It is the responsibility of the government of the day to make the case for decisions over war and peace, yet David Cameron isn't doing enough in relation to Afghanistan. Significant events pass without comment. Silence may reflect a quiet confidence, but that may be misplaced.
Military action was taken after the devastating events of 9/11. A powerful coalition of nations stood against a belief system that mobilises the murder of those who hold the values of tolerance and liberty. Inaction was not an option. We acted in national self-defence to build a sustainable, democratic government in a more secure land. This was not about nation-building, but about preventing Afgh- anistan from again becoming an incubator for extremism. Our aim is not to build Hampshire in Helmand, but it is, in part, to ensure that Helmand does not come to Hampshire. Al-Qa'ida has been severely weakened and the achievements, for example the size of the Army, are real. Progress, however, is not irreversible.

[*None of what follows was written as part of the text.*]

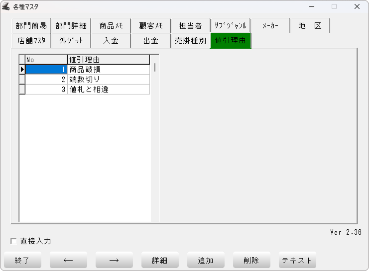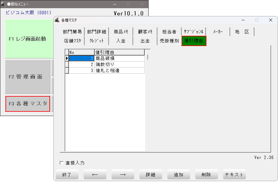 「開始メニュー」 > 「F3 各種マスタ」 > 「値引理由」 タブを開きます。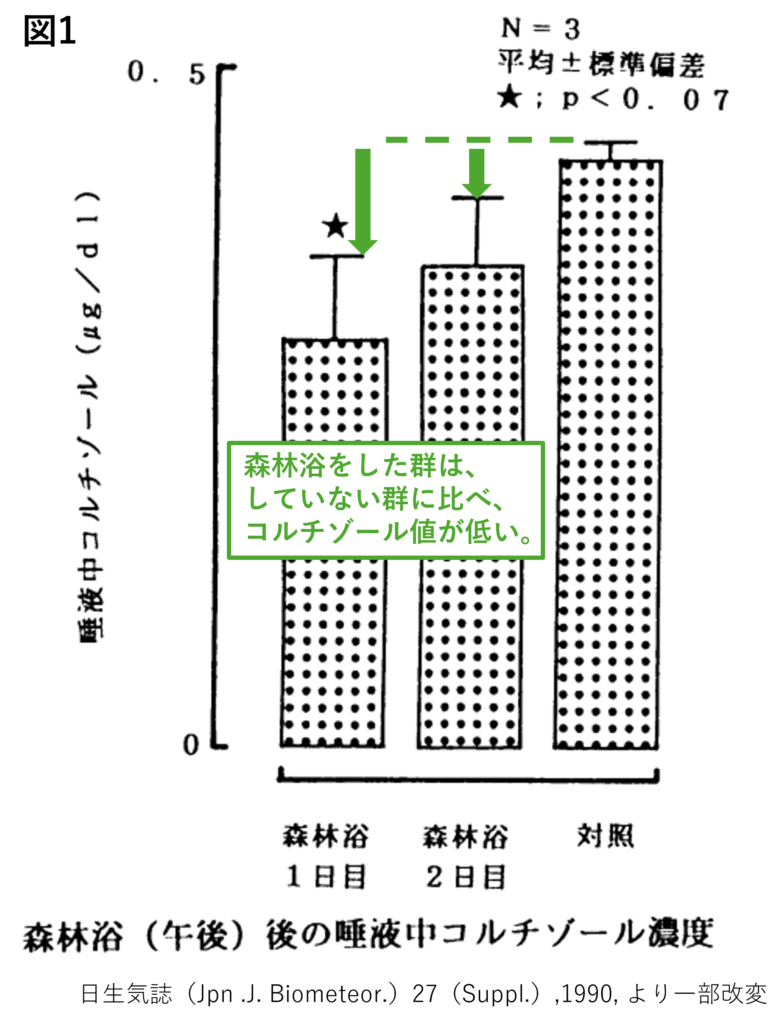 その結果、森林浴を行った群(森林浴1日目、2日目)は、行っていない群(対照)に比べ、コルチゾール値が低いことが分かりました。

Serious challenges remain. Western nations are unilaterally announcing divergent dates for withdrawal. There has been a collapse of US-Pakistan and Kabul-Islamabad relations. The recent Bonn Conference was widely perceived to be a failure. A recent Nato study of interrogations of Taliban prisoners starkly outlined their strength. Examples of deadly infiltration of Afghan forces are increasingly familiar, and there is widespread worry they are ill-prepared to take responsibility for the security of whole country, as well as that of British non-combat forces post 2014.

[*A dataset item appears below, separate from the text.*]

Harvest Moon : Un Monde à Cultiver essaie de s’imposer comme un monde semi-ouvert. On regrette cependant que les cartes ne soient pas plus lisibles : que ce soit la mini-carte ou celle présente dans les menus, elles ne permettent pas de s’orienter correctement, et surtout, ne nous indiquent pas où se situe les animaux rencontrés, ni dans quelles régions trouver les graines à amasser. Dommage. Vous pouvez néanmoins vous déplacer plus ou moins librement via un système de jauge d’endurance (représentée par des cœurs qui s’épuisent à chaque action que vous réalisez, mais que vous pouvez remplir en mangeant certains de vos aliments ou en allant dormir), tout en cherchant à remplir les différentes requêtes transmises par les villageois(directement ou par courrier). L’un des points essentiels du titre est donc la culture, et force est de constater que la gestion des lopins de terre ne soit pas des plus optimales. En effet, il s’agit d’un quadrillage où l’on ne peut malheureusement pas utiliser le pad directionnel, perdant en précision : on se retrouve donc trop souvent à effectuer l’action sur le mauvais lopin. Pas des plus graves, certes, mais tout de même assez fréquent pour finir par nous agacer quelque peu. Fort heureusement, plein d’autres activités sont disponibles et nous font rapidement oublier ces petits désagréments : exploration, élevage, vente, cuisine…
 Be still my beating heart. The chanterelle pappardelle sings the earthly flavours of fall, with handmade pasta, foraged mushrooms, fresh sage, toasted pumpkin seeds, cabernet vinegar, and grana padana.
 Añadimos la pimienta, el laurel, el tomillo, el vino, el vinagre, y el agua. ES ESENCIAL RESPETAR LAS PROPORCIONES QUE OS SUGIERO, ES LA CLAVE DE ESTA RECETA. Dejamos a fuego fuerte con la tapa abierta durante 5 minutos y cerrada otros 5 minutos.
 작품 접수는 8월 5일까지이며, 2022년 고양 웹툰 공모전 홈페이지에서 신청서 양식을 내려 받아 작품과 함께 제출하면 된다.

There are some, including this newspaper, who argue that we should have withdrawn by now. While I do not doubt the sincerity of that demand, I doubt its merit, and we agree with the timetable that has been set. Early withdrawal would be as dangerous as a "cliff- edge" departure, which could threaten the nation's fragile fortunes. It is a real worry, therefore, that the Government has moved from a conditions-led to calendar-driven withdrawal strategy. While endorsing the date for the pull-out, we do not endorse the passive manner with which it is being approached by ministers. There is too much to be done between now and 2014. Post-2014 planning rather than the pace of our exit will determine success.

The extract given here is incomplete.